Which will make you learn for the first time how to publish a Swift Package, and make all the usual initial mistakes. You call it SvgVectorView because naming is hard.


Which will be there for everyone to see in the GitHub history, but at least you’ve learned how to publish Swift packages, which you’ve always wanted to learn.


Which will make you lose all the context from what you are really trying to do, which is support APL in your app.


Which will bring you back to integrating your new SwiftUI SVG support into your app.


Which will make you realize things still won’t render properly

Wrong measure


Which will cause you to remember the measure callbacks the the APL Core Library makes back into your code to measure how much screen space text will take.The ones that were left to the default example callbacks.

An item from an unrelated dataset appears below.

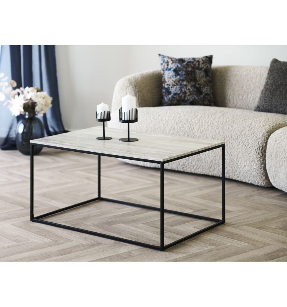 CHIC Kollektion: Couchtisch in Travertin-OptikElegante Eleganz in Mineraloptik. Dieser quadratische Couchtisch in Travertin-Optik ist ein trendiges Möbelstück. Seine Tischplatte in Travertin-Optik ruht auf einem schwarzen Metallgestell. Die perfekte Kombination aus Material und Form für ein stilvolles und modernes Wohnzimmer.Masse: L 960 x B 60 x H 45 cm
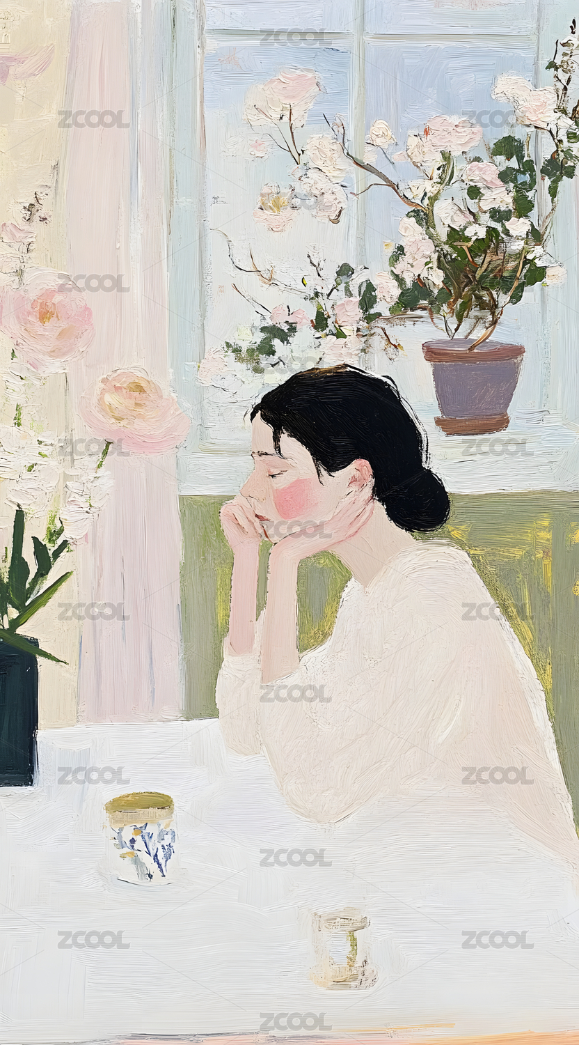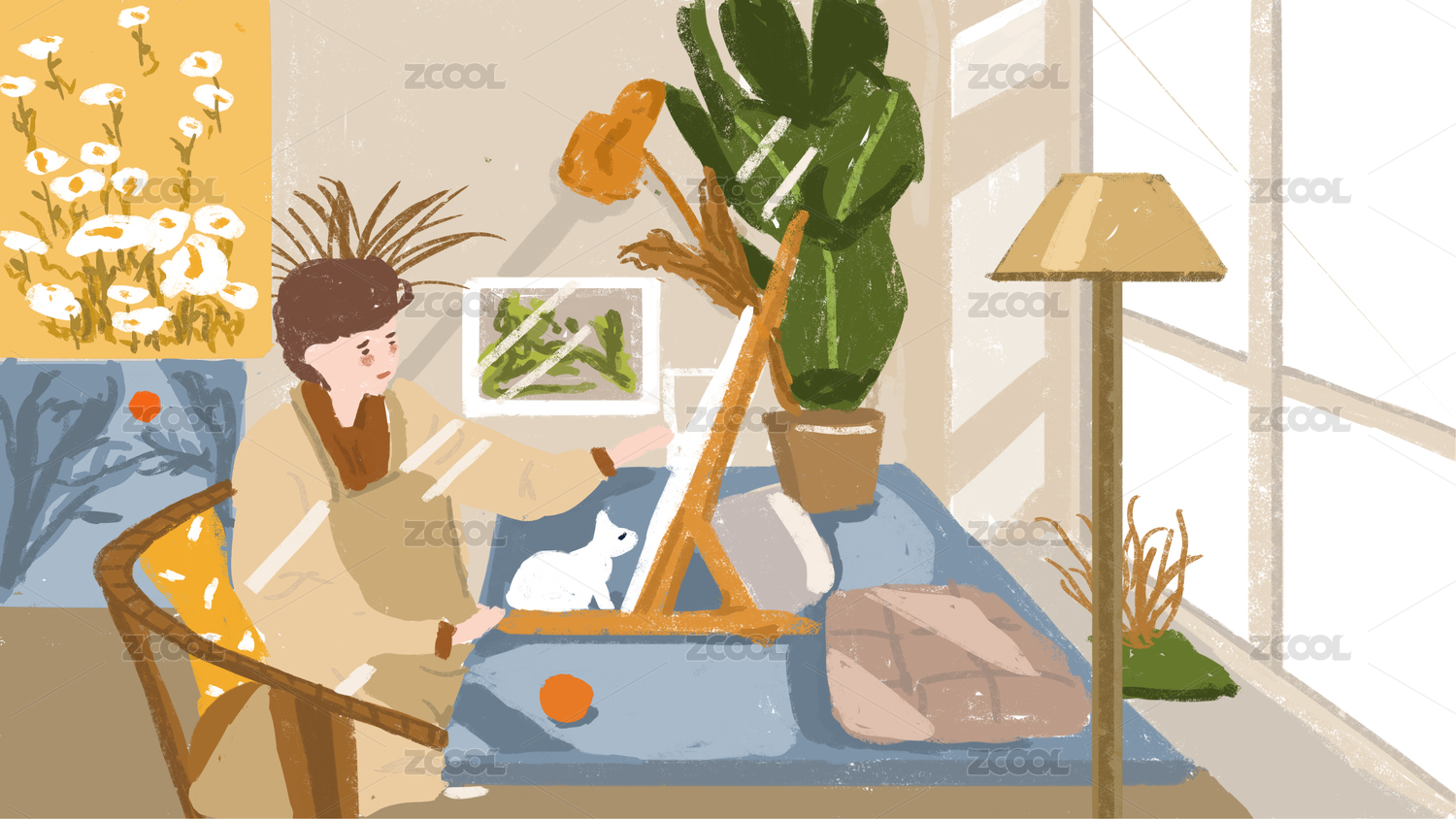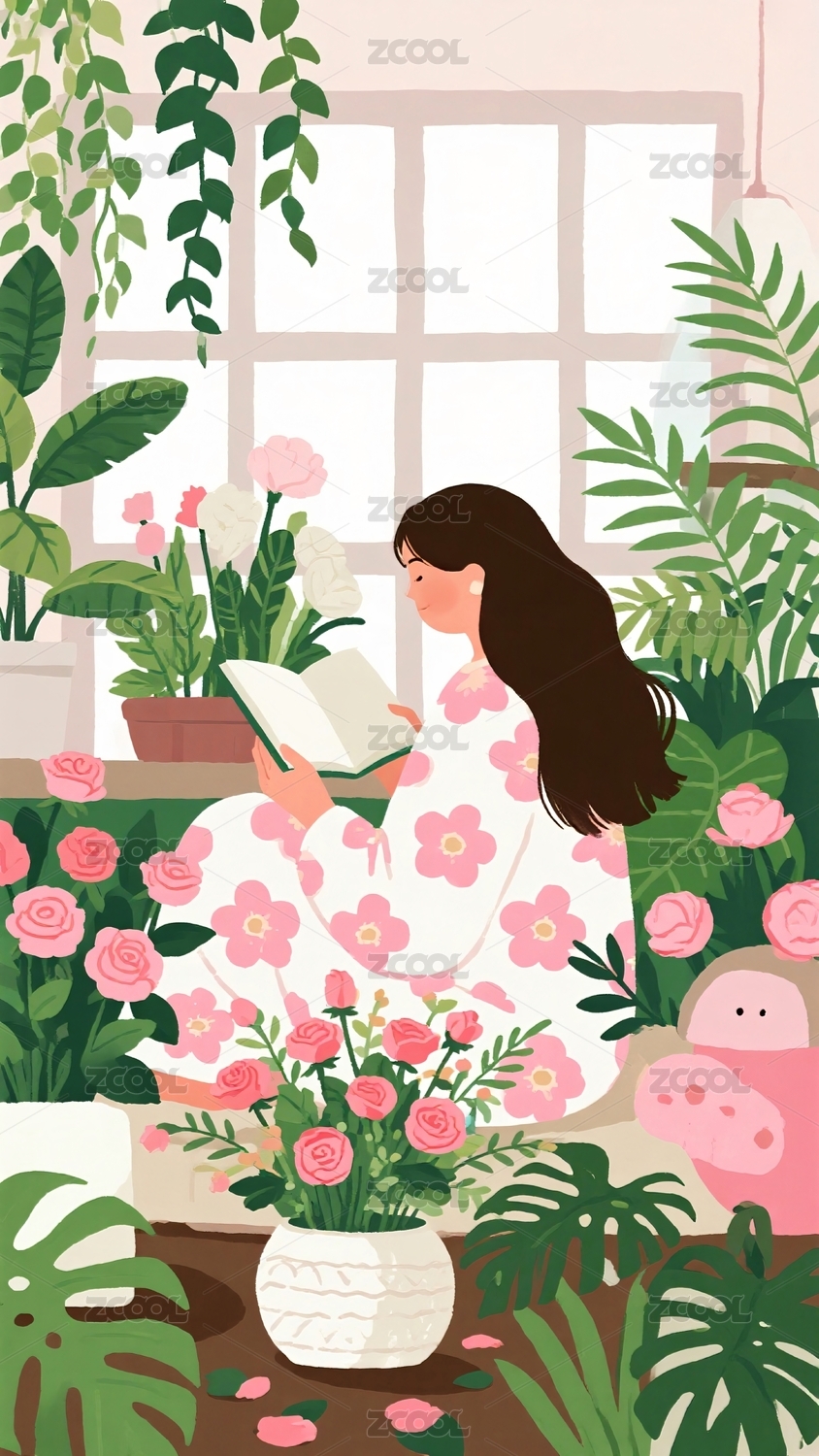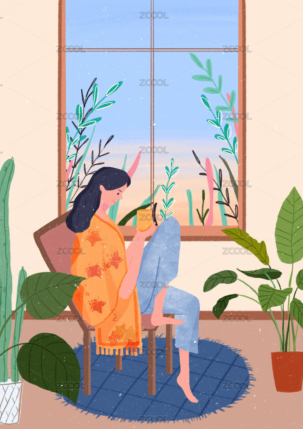 女孩,人物,生活,居家,现代,室内,插画,竖幅,清扫,日常

Which, when updated, now show it rendering better. But those Vector graphics still don’t look right.

Vector still not rendering


Which will lead you to discover that you need to ignore the alpha channel for SVG fills, meaning that it will display correctly:

Checklists not looking right


Which will make you want to add interactivity which means detecting when the user clicks the screen and sending the screen coordinates to the APL Core Library.


Which will lead you to discover that the SwiftUI TapGesture doesn’t provide the tapped co-ordinates.

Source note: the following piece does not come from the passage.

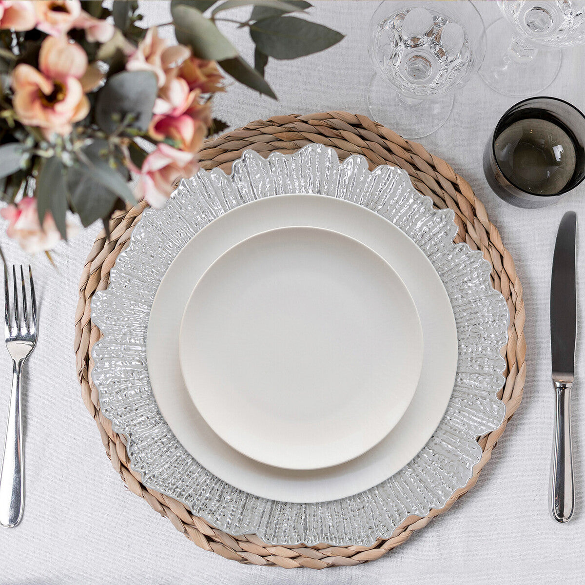 The coastal pattern of the silver charger plates are a beautiful addition to any tableware. The irregular rim and textured surface make it a great option for formal dinners.

Which will help you find a hack that uses a DragGesture to find the tapped coordinates. You’ll sincerely hope this won’t mess up your future attempts to detect dragging.


Which will delight you when all of a sudden you’ll find that tapping actually works in your APL document rendered in SwiftUI and be irrationally optimistic that the end is near:

Irrational optimism


Which will make you try to render an APL document that scrolls and it won’t look good at all:

Irrational optimism


Which is certainly nothing like it is supposed to:

Scrolling in auth tool


Which will keep you hacking away until it scrolls properly


Which will lead you to the next step of injecting commands, such as a command to speak the list


Which will bring to mind some key tenets of SwiftUI, which is more about describing what you want rather than how you want to do it - specifically that you can’t scroll to a specific offset which is what APL Core expects


Which will take you to a hack that you are not proud of, but which works - when you receive a Speak command you’ll look for the deepest child of the component being spoken and scroll that to into view


Which will almost lead you to declare victory, but when testing “What is the weather” you’ll realize that templates (which APL replaces) are still being used for the weather


Which means you’ll still need to support templates


Which makes you do some more tests on other devices


Which will make you think “enough already” and you’ll ship an update in TestFlight with support for APL.


Which will make you realize that some things don’t render properly “Set a 10 minute timer” gives an error


Which tells you that you are still at the start of the journey.